Мне бы самой не мешало понять от чего так.
Каков мой выбор?
Его рука касается моей щеки и, кажется, я задерживаю дыхание.
- Упрямая девчонка… – Его шепот вызывает бег мурашек. – Если это
страх, то это поистине оскорбительно!
А это, действительно страх. Страх самой себя.

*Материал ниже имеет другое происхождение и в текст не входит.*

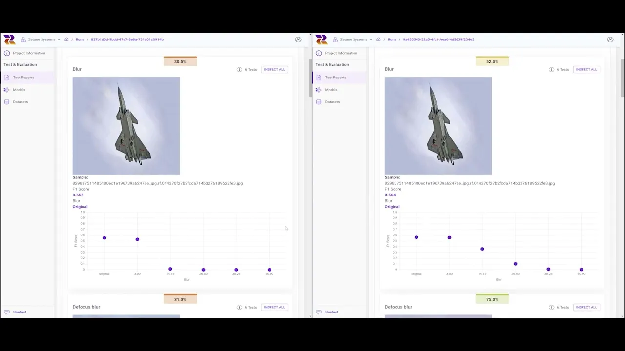 Zetane Protector: Ensure reliable and robust computer vision Try our online platform to get the most extensive testing of your computer vision technology for robustness and reliability. Zetane Protector validates that a computer vision solution is reliable by testing for over 100 compromised operating conditions due to factors like mechanical malfunctions or poor weather. Once you know the vulnerabilities of your AI solution, you can augment your training dataset with images representative of that vulnerability and retrain your model so that it is robust and maintains high performance when encountering that vulnerability in real-world operating conditions.
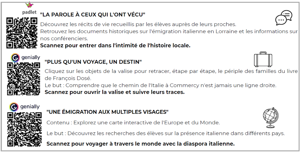 Ce projet pédagogique interdisciplinaire s’inscrit dans une démarche de transmission de la mémoire des migrations italiennes en Lorraine. Il associe histoire, littérature, mémoire, langues et culture, en mettant les élèves au cœur d’un travail de recherche, de lecture, de rencontres et de productions écrites et numériques.
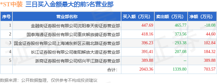 截至2025年11月26日收盘,*ST中装(002822)报收于4.43元,上涨4.98%,换手率3.0%,成交量24.26万手,成交额1.07亿元。
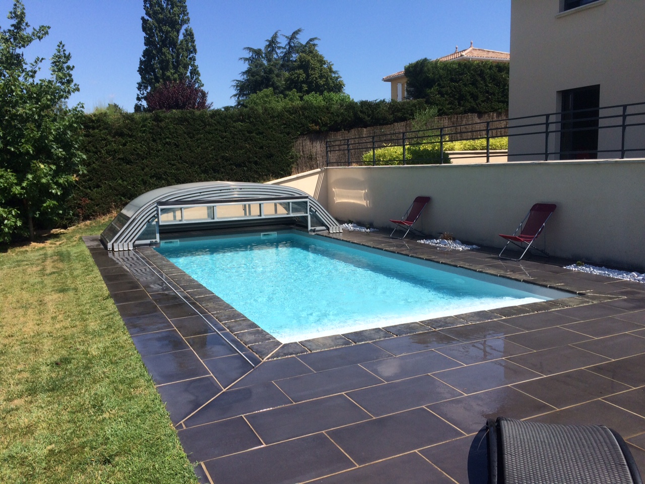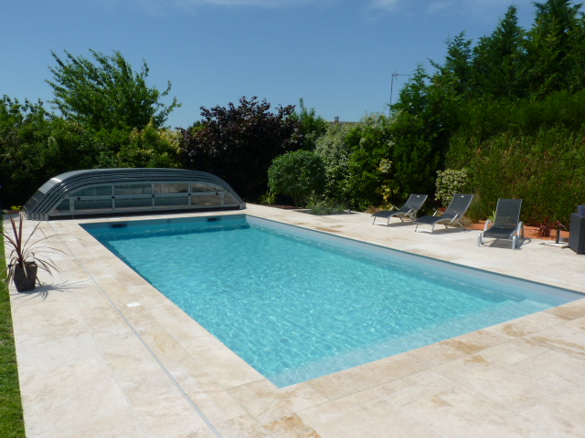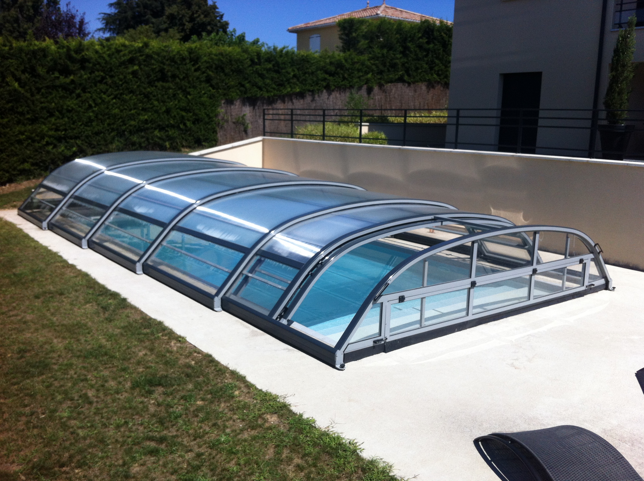 ELITYS MIANSO est un abri de piscine bas télescopique qui allie le mieux esthétisme et confort.
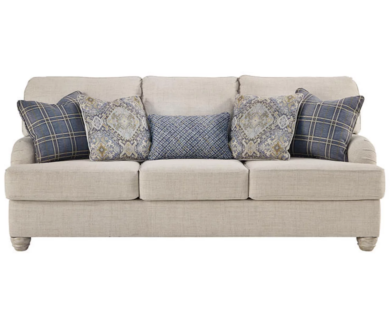 Don’t be shy—take a seat on this farmhouse-style sofa. Dressed in a modern and relaxed linen-weave upholstery, it’s a luxurious complement to rustic accents with its light and airy palette and elegantly turned feet. What a picture-perfect finish to any shabby chic or countryside living room.
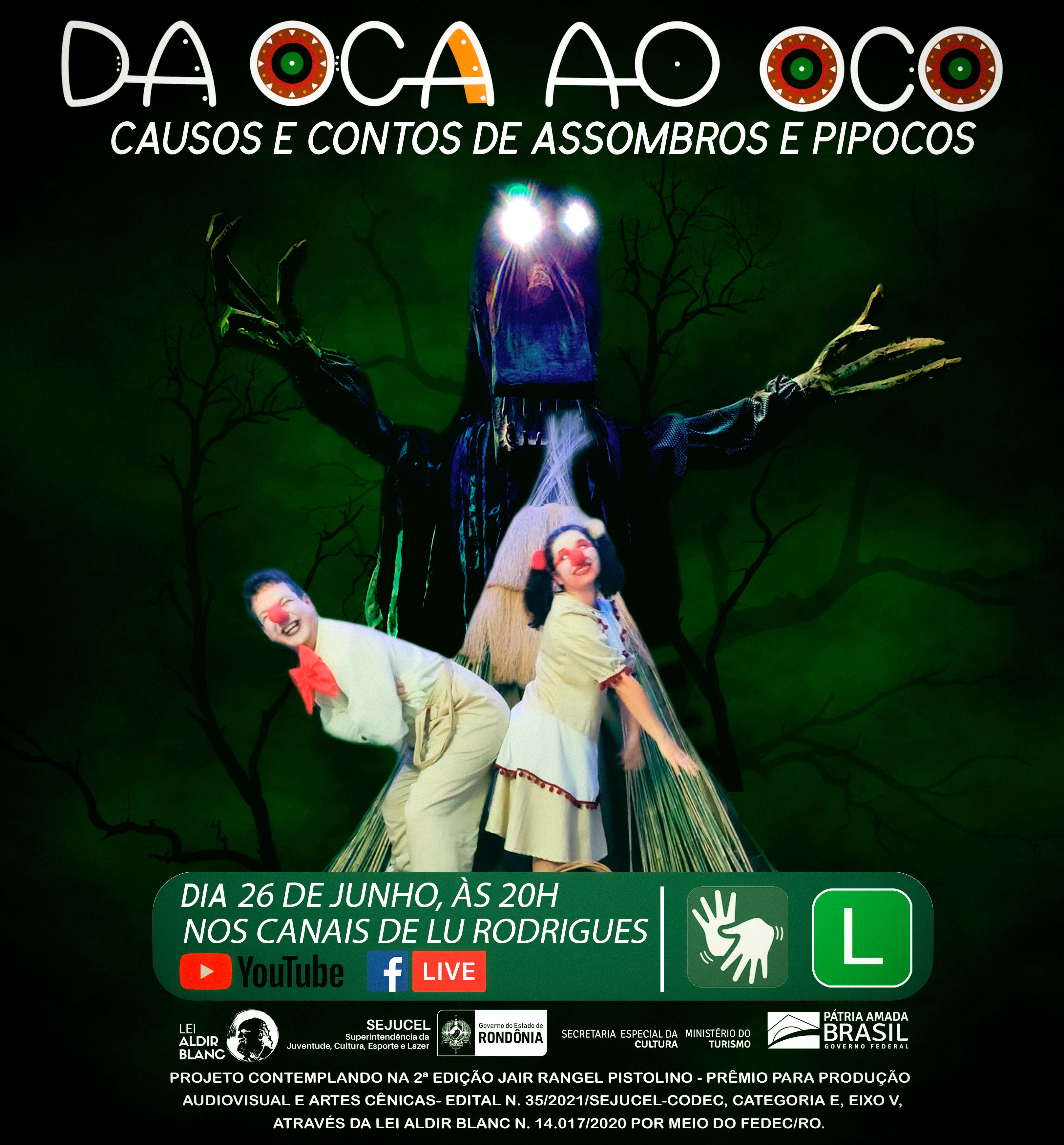 No próximo domingo (26), às 20h, no Canal do Youtube da artista Lu Rodrigues, estreia o espetáculo Da Oca Ao Oco: Causos e Contos de Assombros e Pipocos. O projeto que tem como proponente Lucimar Rodrigues foi contemplado na 2ª EDIÇÃO JAIR RANGEL PISTOLINO - PRÊMIO PARA PRODUÇÃO AUDIOVISUAL E ARTES CÊNICAS - Edital n. 35/2021/SEJUCEL-CODEC, categoria E, Eixo V, através da Lei Aldir Blanc n. 14.017/2020 por meio do FEDEC/RO.

Его вторая рука сжимает мою талию, как будто боясь, что исчезну,
каким-то образом просочусь через кухонный стол и ему снова придется
достигать меня, тянуться…
- Нет. – Тихо произношу я, когда его губы оказываются в нескольких
сантиметрах от моих. – Нет.
Распахиваются окна, поднимается ветер такой силы, что я зажмуриваю
глаза. Когда открываю их – на кухне никого.
Этого ли ты хотела?
Странный запах – это первое что отчетливо осознается сквозь
отчаянную слабость, приправленную отголосками боли.
Затхлость, травы, табак.
Такого запаха не должно быть ни в моей квартире, ни в больнице,
если я все-таки там оказалась.
Неудобно. Жестко. Тело затекло, ощущается тяжелым и, как будто,
прилипшим к странному ложу. Отчетливо представляются пауки,
сковавшие меня, как большую муху, увязшую в огромной паутине.
Хочется задергаться, вскочить, разорвать путы.
- Ну, что? Выживет? – Голос прокуренный. Мужской. Каркающий.
Недовольный.
- Сколько она так лежит?
- Так со вчерашнего утра и лежит…
- Почему вызвал меня, а не лекаря? – Женщина тоже недовольна.
На мой лоб опускается что-то влажное и запах трав усиливается. Жаль
я в них не разбираюсь.
- Да сколько тот лекарь стоит! Нет у меня лишних денег.
- А станет твоя жена инвалидом, появятся!?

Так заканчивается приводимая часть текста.